All of which raises the question of what, if anything, might convince Mr. Market to reassess and thereby elevate the relative position of the energy sector in the S&P 500? $70 oil? $80? Or is the answer nothing short of $100 a barrel?
Whatever the reason behind energy’s failure to advance in the relativity rankings it’s not for lack of price performance in the underlying stocks. The Energy Select Spider (Amex: XLE), which represents the cap-weighted slice of energy stocks in the S&P 500, has climbed a sizzling 41% on a price basis for the year through June 30. The S&P 500 Spider (Amex: SPY) looks numb by comparison, inching higher by just a bit over 4%.
Affording a higher relative market cap may be the dream of some energy bulls, but for the moment there are a number of obstacles to overcome, starting with the market’s long-running love affair with financial stocks. Until, and if, that love affair falters, it’s hard to see energy moving up the relative totem poll in any dramatic fashion any time soon. Indeed, the financial sector’s market cap has been firmly entrenched as numero uno for some time. Arguably, it reflects a remnant of the days of wine and easy money. But no matter what you call it, cheap doesn’t apply. At $2.2 trillion, the financial stocks in the S&P 500 dwarf even the number-two sector, information technology, which resides at $1.7 trillion as of July 8.
For all the financial sector’s support from investors, its performance has been unmistakably mediocre of late. The Financial Sector Spider (Amex: XLF) trailed the S&P 500 for the year through the close of this year’s second quarter, posting a mere 3.1% price increase. That’s a notable reversal from the financial sector’s formerly high-flying returns. In the four years through June 30, 2004, for instance, XLF’s price ascended by 20% vs. a 21% loss for the S&P 500 Spider.

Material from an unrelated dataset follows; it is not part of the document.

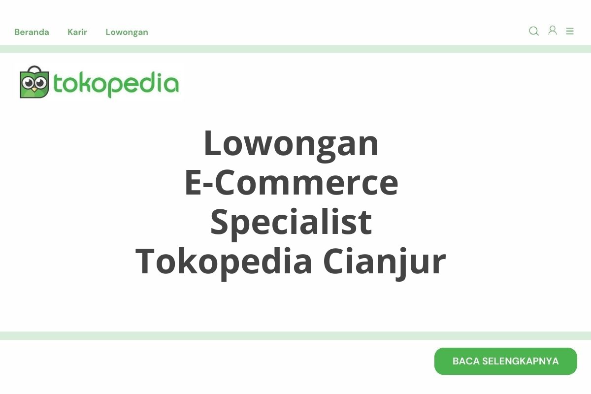 Lowongan E-Commerce Specialist Tokopedia Cianjur Terbaru 2026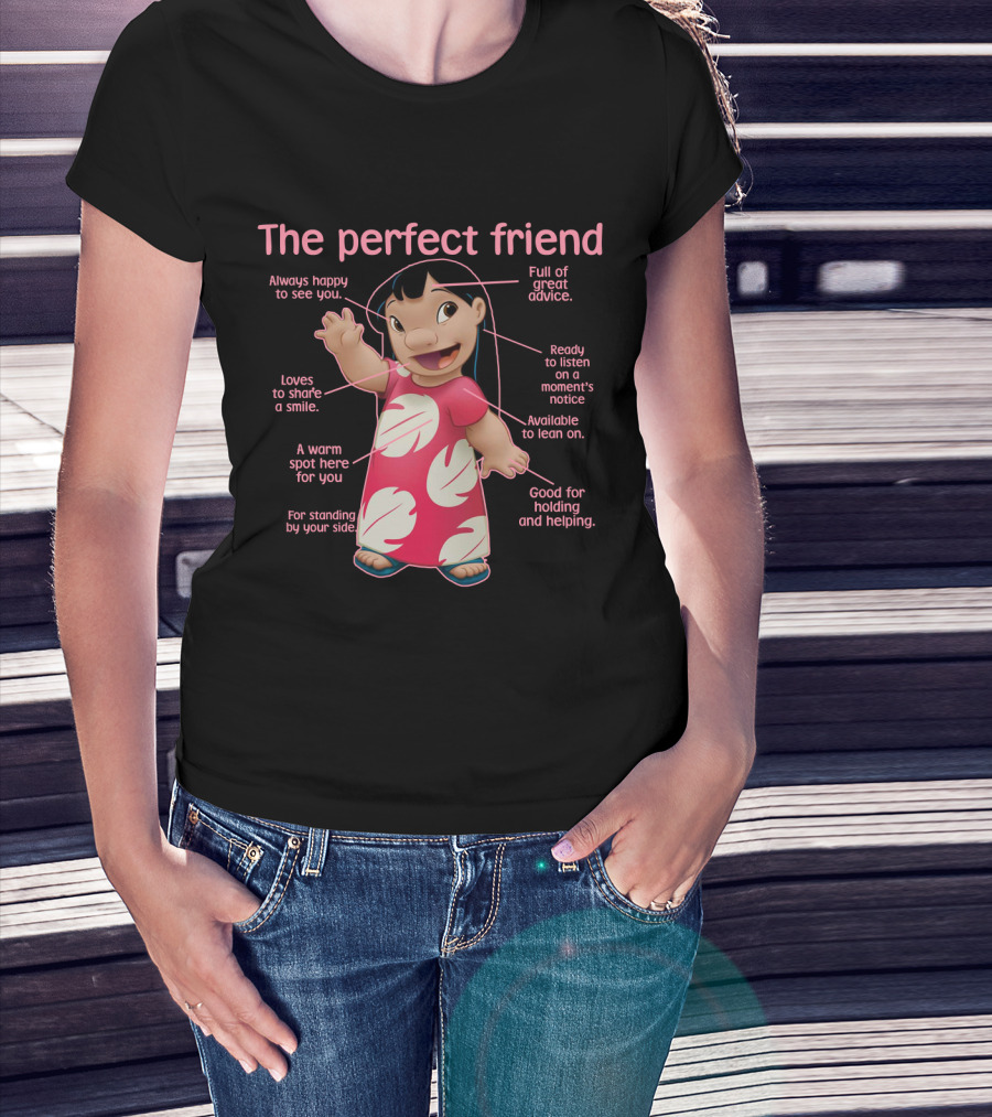 The The Perfect Friend Always Happy Full of Great Advice Ready to Listen A Warm Spot For You Good for Holding and Helping T-shirt is designed for everyday wear and a consistent fit. Fabric is pre-shrunk ring-spun cotton with durable stitching. See the size chart below for exact measurements.

Old habits nonetheless die hard on Wall Street. The easy money policies that the Federal Reserve has so generously dispensed throughout the economy in the recent past are beginning to fade, as witnessed by the ongoing rise of the Fed funds rate. Financial stocks are still the darlings of investors. And who, after all, could argue? Certainly not the bond market, which has seen fit to chase bonds and thereby keep yields falling, or at least something other than rising. That’s been no small boost the fortunes of financial companies, many of which turn a profit with some form of borrowing short and lending long.
Yet a quick glance at the latest action in the fixed-income world suggests, for the umpteenth time, that the party may be about to end. True, many have been fooled by such “warning” signs in the past. But one day, maybe, the end really will be nigh. Meanwhile, the yield on the benchmark 10-year bond yield rose to 4.12%, the highest since mid-May. Is this the pause that finally sobers up the sentiment in the 20-year-old-plus bull market in debt?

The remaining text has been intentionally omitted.